Using the records below, transcribe word for word the stretch from the line that contains "La maison se" through the line that contains "- 위기 시 대응 능력 (ex. USDC의 신속한 회복)", both end lines included, and nothing else.

SUPPLIED RECORDS —
· · · · ·

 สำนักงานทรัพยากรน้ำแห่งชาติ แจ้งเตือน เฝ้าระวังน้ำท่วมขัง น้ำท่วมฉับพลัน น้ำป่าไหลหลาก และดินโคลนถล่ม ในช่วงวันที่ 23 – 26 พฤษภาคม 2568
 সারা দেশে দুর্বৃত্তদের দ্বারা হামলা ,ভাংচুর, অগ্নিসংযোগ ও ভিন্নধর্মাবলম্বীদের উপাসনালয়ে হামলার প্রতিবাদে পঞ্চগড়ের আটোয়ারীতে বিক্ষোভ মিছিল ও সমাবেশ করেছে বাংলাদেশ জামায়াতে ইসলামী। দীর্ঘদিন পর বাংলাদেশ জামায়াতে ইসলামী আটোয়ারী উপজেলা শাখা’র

· · · · ·

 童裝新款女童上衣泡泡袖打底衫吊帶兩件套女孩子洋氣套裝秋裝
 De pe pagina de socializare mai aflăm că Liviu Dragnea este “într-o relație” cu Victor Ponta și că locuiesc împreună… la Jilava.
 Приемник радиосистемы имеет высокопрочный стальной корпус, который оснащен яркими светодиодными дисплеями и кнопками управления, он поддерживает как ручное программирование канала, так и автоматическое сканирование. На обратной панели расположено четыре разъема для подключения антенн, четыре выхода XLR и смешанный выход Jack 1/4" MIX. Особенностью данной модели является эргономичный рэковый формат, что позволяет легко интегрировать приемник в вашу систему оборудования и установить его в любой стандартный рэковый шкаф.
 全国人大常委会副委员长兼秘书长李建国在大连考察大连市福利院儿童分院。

· · · · ·

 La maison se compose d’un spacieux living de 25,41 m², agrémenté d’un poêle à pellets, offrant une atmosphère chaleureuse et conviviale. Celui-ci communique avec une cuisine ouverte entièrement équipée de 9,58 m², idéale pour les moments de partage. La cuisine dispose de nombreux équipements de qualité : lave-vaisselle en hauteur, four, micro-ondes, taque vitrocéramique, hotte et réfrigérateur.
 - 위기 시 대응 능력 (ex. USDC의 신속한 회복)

· · · · ·

OUTPUT FOR THIS TASK —
 La maison se compose d’un spacieux living de 25,41 m², agrémenté d’un poêle à pellets, offrant une atmosphère chaleureuse et conviviale. Celui-ci communique avec une cuisine ouverte entièrement équipée de 9,58 m², idéale pour les moments de partage. La cuisine dispose de nombreux équipements de qualité : lave-vaisselle en hauteur, four, micro-ondes, taque vitrocéramique, hotte et réfrigérateur.
 - 위기 시 대응 능력 (ex. USDC의 신속한 회복)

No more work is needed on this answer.